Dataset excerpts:
──────────────────────────────
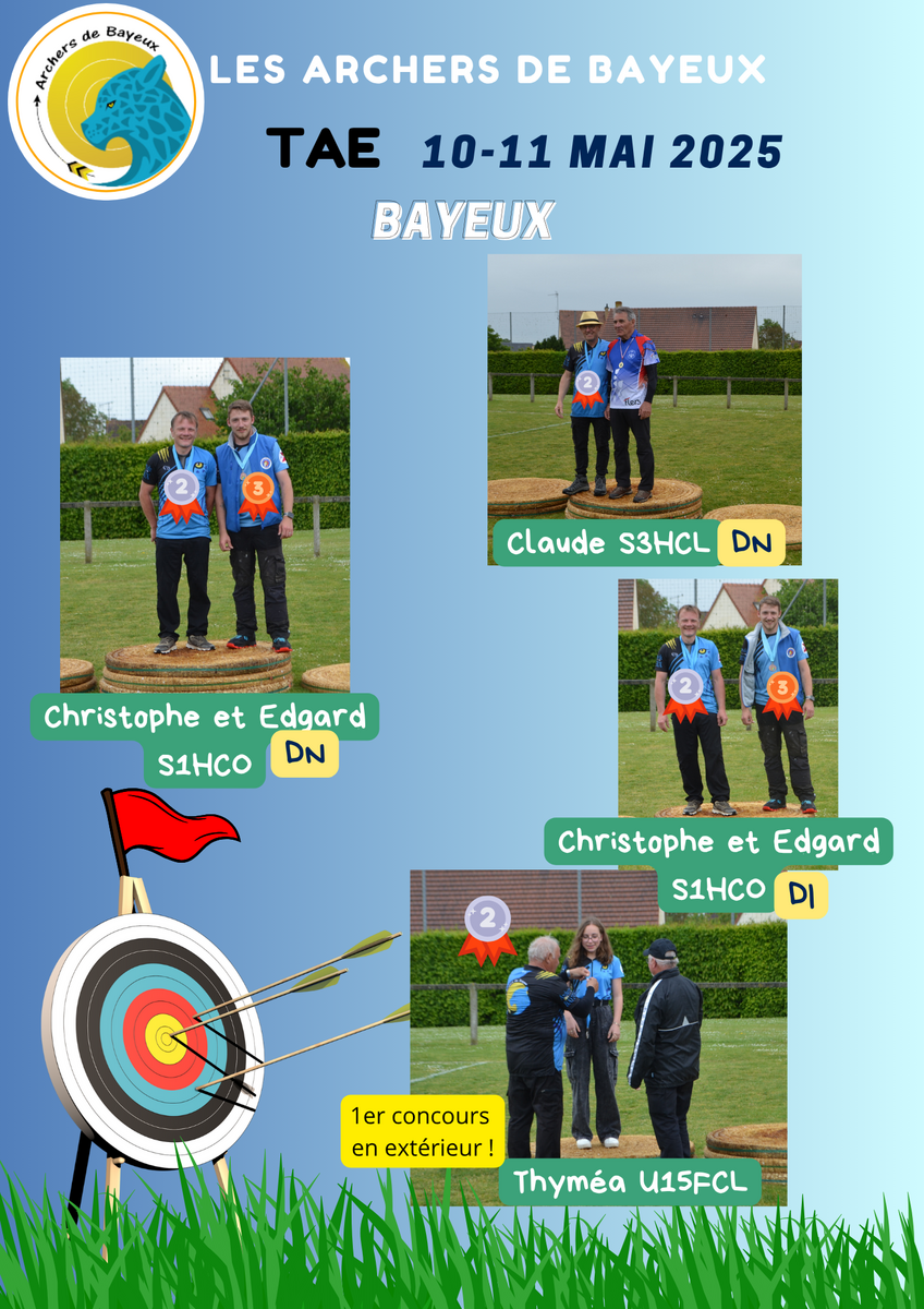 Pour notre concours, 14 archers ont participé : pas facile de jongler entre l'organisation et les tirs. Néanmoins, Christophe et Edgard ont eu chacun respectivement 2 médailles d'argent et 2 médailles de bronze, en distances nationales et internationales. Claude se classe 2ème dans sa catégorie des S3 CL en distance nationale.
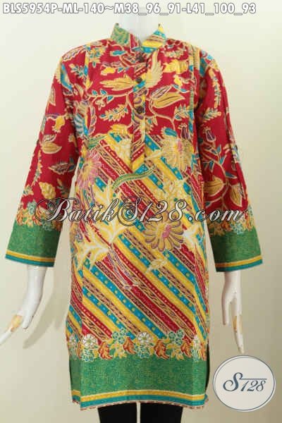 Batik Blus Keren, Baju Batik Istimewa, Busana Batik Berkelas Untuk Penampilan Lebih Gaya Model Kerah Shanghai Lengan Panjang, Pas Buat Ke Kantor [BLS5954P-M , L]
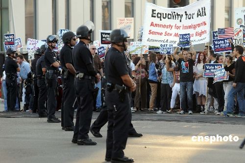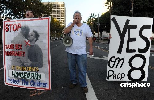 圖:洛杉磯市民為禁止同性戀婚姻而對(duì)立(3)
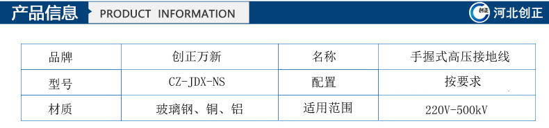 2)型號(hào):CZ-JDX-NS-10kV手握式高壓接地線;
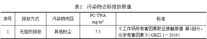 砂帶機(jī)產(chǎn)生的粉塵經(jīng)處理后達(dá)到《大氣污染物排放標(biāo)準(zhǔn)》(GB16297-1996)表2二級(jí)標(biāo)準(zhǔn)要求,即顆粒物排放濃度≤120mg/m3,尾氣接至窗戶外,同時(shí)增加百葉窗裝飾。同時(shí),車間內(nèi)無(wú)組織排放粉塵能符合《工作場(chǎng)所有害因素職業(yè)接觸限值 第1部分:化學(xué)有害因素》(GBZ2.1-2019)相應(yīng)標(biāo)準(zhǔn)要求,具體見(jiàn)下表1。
──────────────────────────────
## Work instruction
Produce the lines from the first line of the entries through the line that contains "2)型號(hào):CZ-JDX-NS-10kV手握式高壓接地線;", exactly, leaving the pictures behind.

## Answer for this exercise
 Pour notre concours, 14 archers ont participé : pas facile de jongler entre l'organisation et les tirs. Néanmoins, Christophe et Edgard ont eu chacun respectivement 2 médailles d'argent et 2 médailles de bronze, en distances nationales et internationales. Claude se classe 2ème dans sa catégorie des S3 CL en distance nationale.
 Batik Blus Keren, Baju Batik Istimewa, Busana Batik Berkelas Untuk Penampilan Lebih Gaya Model Kerah Shanghai Lengan Panjang, Pas Buat Ke Kantor [BLS5954P-M , L]
 圖:洛杉磯市民為禁止同性戀婚姻而對(duì)立(3)
 2)型號(hào):CZ-JDX-NS-10kV手握式高壓接地線;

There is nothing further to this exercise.